[TO DO]
Could you reproduce, word for word, everything below from the line containing "加利福尼亞大學的研究人員曾對" down to the line containing "フロントフードの エンブレム用の 穴を溶接し、 アルミパテを 盛りました。", with both of those lines included and no others?

[TASK DATA]
-=-=-=-=-
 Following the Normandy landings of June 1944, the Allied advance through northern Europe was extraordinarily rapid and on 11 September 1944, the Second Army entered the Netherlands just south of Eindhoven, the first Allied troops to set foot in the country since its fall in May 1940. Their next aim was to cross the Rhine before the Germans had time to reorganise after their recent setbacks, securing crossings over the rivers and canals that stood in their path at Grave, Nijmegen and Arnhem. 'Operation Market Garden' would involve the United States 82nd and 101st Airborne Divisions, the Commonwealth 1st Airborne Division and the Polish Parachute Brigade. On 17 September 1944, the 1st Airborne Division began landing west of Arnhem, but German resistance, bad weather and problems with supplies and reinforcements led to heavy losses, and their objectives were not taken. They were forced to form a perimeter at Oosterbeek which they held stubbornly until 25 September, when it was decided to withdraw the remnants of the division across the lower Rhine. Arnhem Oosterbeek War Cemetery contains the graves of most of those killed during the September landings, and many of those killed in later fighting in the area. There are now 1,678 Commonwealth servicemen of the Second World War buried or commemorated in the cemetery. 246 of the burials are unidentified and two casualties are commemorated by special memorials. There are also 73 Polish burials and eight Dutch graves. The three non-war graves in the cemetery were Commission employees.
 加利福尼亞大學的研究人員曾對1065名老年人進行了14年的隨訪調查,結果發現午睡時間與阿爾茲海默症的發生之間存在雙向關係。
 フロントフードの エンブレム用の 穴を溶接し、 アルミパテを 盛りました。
-=-=-=-=-
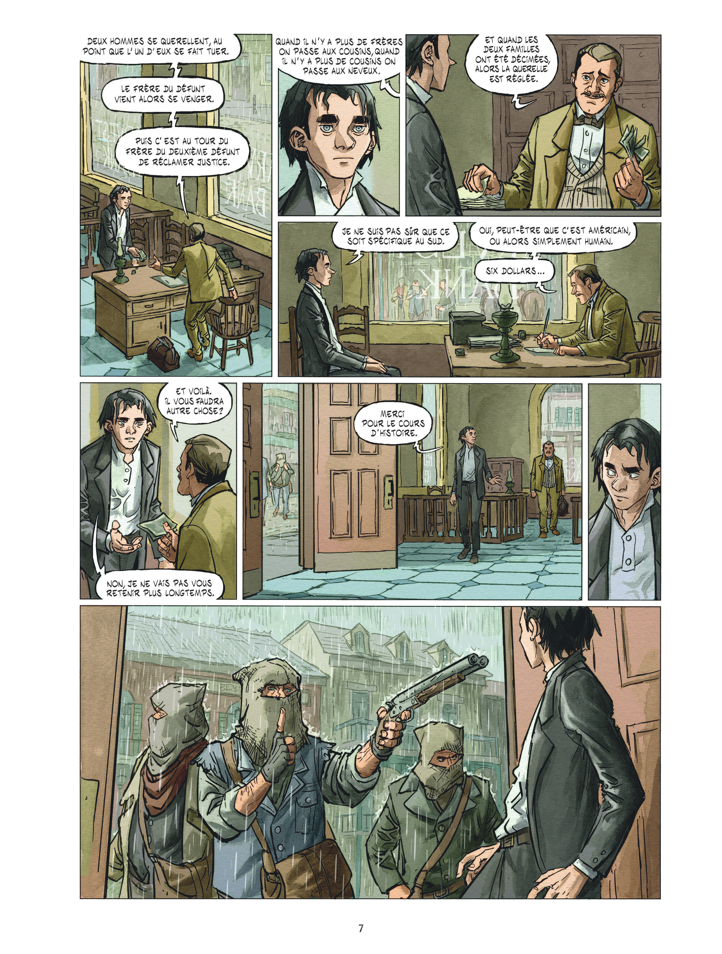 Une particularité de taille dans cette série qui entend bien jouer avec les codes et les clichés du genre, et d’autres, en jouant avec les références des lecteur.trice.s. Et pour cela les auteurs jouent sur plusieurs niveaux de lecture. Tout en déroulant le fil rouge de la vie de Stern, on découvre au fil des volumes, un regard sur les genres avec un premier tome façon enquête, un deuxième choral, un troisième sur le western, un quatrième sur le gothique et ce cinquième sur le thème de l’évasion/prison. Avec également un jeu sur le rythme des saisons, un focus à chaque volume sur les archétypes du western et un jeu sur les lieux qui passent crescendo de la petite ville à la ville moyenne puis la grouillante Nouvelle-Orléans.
-=-=-=-=-
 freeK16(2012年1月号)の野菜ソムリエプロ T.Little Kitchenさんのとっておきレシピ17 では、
-=-=-=-=-
[RESULT OF THE TASK]
 加利福尼亞大學的研究人員曾對1065名老年人進行了14年的隨訪調查,結果發現午睡時間與阿爾茲海默症的發生之間存在雙向關係。
 フロントフードの エンブレム用の 穴を溶接し、 アルミパテを 盛りました。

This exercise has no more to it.